Problem statement
Since only the words are wanted, reproduce every entry exactly and leave the images behind.

Source material below:

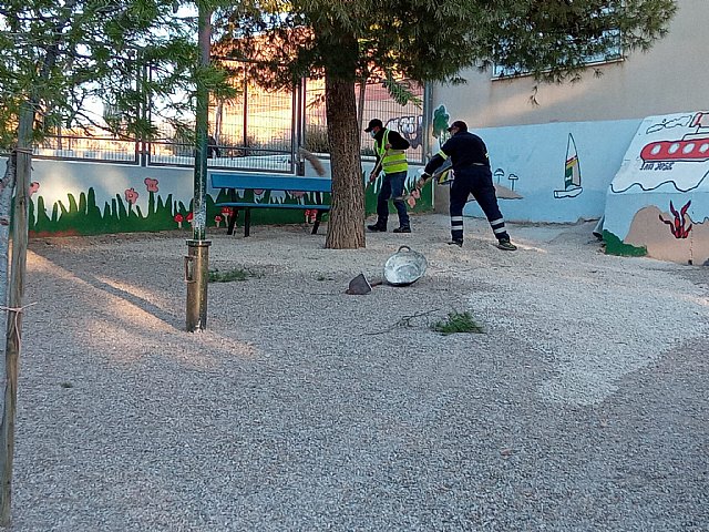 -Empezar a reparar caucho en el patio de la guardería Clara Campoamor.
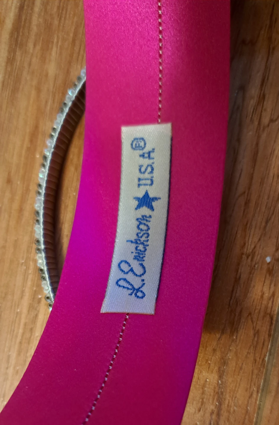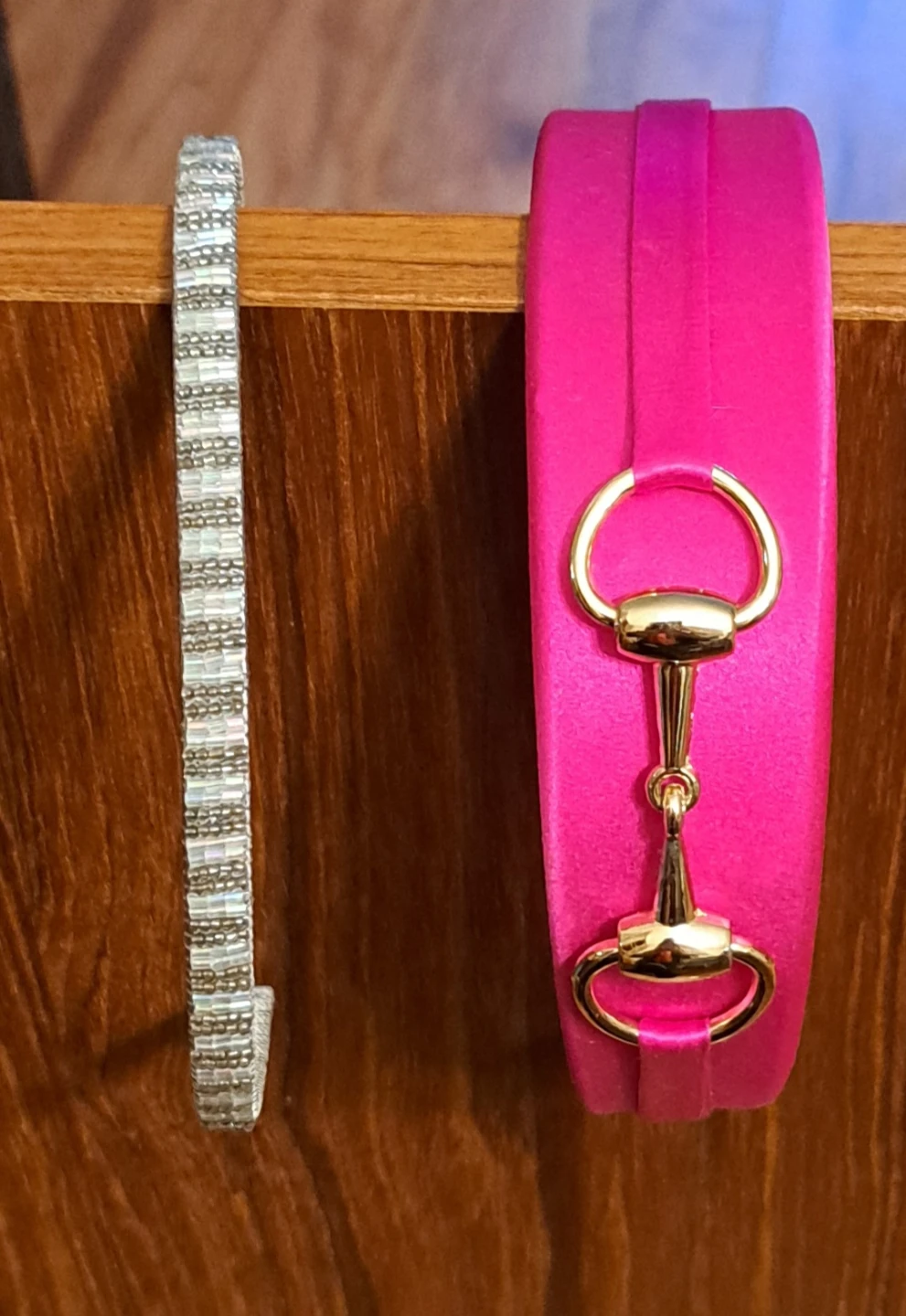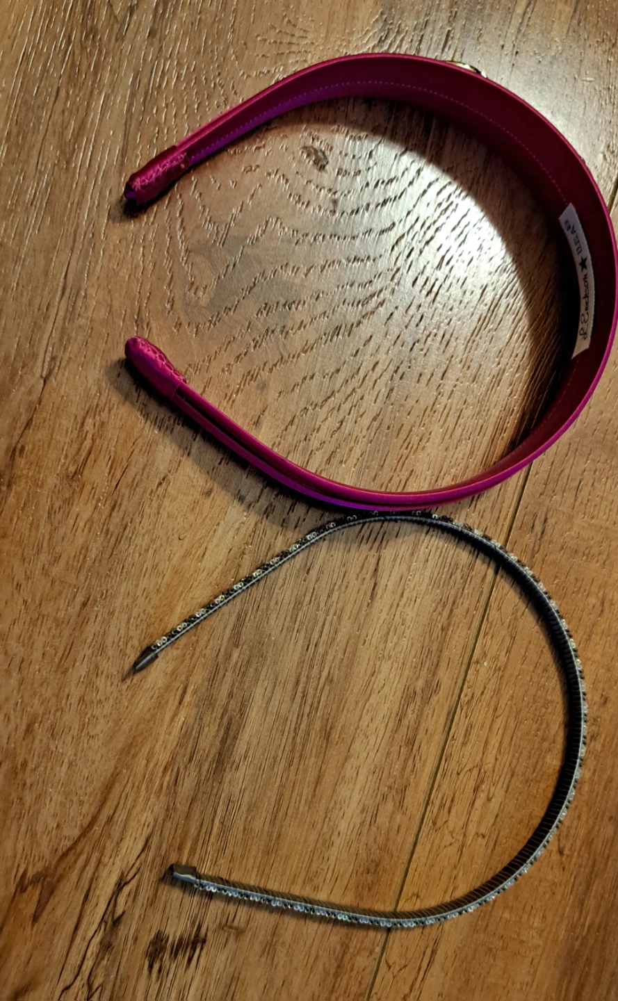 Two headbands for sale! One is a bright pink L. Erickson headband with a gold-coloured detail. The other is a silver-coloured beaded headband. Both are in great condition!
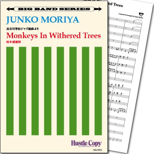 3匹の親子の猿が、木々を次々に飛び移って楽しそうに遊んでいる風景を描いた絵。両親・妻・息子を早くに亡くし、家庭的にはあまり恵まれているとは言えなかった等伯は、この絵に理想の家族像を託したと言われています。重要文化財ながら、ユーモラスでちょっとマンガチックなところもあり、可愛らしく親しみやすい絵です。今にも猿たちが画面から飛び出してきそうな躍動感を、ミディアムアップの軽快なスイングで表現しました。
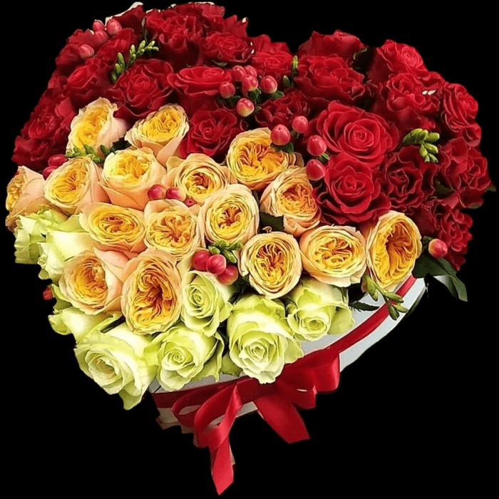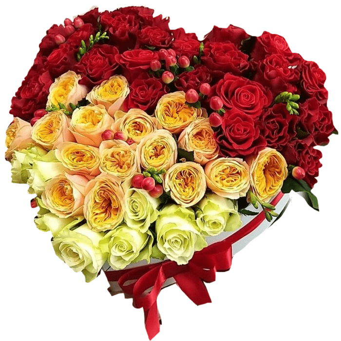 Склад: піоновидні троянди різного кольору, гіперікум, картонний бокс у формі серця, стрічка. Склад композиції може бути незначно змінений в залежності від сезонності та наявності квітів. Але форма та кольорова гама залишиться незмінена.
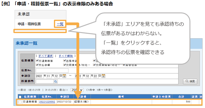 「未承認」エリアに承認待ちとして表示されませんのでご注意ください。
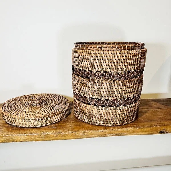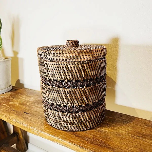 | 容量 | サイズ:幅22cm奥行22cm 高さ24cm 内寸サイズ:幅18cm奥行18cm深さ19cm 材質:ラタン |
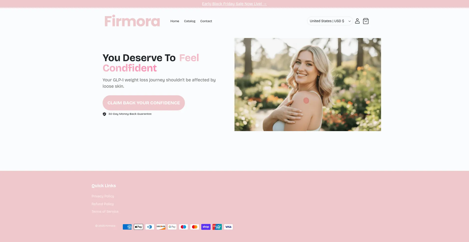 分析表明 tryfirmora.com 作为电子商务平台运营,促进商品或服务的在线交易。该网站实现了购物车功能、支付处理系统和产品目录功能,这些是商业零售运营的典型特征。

End of Source material.

Answer area
 -Empezar a reparar caucho en el patio de la guardería Clara Campoamor.
 Two headbands for sale! One is a bright pink L. Erickson headband with a gold-coloured detail. The other is a silver-coloured beaded headband. Both are in great condition!
 3匹の親子の猿が、木々を次々に飛び移って楽しそうに遊んでいる風景を描いた絵。両親・妻・息子を早くに亡くし、家庭的にはあまり恵まれているとは言えなかった等伯は、この絵に理想の家族像を託したと言われています。重要文化財ながら、ユーモラスでちょっとマンガチックなところもあり、可愛らしく親しみやすい絵です。今にも猿たちが画面から飛び出してきそうな躍動感を、ミディアムアップの軽快なスイングで表現しました。
 Склад: піоновидні троянди різного кольору, гіперікум, картонний бокс у формі серця, стрічка. Склад композиції може бути незначно змінений в залежності від сезонності та наявності квітів. Але форма та кольорова гама залишиться незмінена.
 「未承認」エリアに承認待ちとして表示されませんのでご注意ください。
 | 容量 | サイズ:幅22cm奥行22cm 高さ24cm 内寸サイズ:幅18cm奥行18cm深さ19cm 材質:ラタン |
 分析表明 tryfirmora.com 作为电子商务平台运营,促进商品或服务的在线交易。该网站实现了购物车功能、支付处理系统和产品目录功能,这些是商业零售运营的典型特征。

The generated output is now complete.